> _Prompt_
Considering the entries that follow, report how many lines include the string "tool", giving the number alone.

== Provided records

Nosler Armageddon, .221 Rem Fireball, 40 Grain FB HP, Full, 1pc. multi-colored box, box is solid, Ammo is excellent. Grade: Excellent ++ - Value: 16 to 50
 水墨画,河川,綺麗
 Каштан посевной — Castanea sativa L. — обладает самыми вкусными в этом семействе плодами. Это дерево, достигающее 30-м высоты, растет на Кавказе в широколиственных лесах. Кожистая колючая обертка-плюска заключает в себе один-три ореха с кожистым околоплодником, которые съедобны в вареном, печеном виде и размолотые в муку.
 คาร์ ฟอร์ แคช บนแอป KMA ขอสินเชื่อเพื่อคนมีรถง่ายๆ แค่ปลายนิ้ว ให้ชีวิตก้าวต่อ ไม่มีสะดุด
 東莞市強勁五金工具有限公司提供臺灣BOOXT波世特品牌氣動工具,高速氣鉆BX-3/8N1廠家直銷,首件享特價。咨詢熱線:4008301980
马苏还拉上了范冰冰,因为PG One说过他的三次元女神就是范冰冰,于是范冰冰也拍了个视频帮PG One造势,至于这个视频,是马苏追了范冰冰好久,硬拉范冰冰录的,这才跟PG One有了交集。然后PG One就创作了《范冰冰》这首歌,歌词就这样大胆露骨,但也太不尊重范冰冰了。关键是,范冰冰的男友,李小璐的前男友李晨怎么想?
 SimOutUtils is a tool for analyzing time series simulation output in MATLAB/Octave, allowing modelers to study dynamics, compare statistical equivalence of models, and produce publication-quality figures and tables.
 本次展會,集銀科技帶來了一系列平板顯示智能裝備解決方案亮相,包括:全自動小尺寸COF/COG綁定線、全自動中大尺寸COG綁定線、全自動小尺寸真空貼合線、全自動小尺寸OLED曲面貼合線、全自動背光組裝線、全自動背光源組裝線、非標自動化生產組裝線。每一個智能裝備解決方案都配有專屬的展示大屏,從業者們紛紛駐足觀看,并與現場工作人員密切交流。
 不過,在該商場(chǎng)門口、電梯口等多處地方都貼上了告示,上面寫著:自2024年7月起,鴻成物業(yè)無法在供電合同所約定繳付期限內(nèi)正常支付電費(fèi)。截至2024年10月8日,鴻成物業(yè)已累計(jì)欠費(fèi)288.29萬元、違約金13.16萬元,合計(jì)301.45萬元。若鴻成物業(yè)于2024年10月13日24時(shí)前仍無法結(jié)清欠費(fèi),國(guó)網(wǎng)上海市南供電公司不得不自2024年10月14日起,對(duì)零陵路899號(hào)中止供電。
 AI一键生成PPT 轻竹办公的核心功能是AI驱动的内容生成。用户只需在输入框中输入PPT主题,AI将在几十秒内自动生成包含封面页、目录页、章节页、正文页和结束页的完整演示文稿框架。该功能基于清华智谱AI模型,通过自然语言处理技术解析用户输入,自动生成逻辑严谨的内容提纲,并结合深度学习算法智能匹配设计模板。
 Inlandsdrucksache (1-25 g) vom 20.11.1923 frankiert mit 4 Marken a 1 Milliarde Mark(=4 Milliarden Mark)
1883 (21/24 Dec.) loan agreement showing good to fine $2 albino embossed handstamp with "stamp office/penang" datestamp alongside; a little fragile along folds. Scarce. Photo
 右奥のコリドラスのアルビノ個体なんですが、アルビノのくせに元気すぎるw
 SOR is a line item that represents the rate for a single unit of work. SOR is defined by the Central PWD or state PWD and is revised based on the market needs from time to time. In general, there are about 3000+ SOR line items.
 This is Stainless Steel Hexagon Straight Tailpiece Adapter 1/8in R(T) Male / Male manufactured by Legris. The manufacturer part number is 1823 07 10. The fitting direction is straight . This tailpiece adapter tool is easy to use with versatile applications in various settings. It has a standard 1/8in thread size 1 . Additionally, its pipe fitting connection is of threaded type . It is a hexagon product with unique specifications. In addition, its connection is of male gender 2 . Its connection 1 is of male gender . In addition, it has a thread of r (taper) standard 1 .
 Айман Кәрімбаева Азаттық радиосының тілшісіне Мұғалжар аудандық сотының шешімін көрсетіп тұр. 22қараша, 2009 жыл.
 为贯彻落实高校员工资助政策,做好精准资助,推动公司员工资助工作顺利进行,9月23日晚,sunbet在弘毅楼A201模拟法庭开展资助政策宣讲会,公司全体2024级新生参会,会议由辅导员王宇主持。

====

> _Exercise response_
2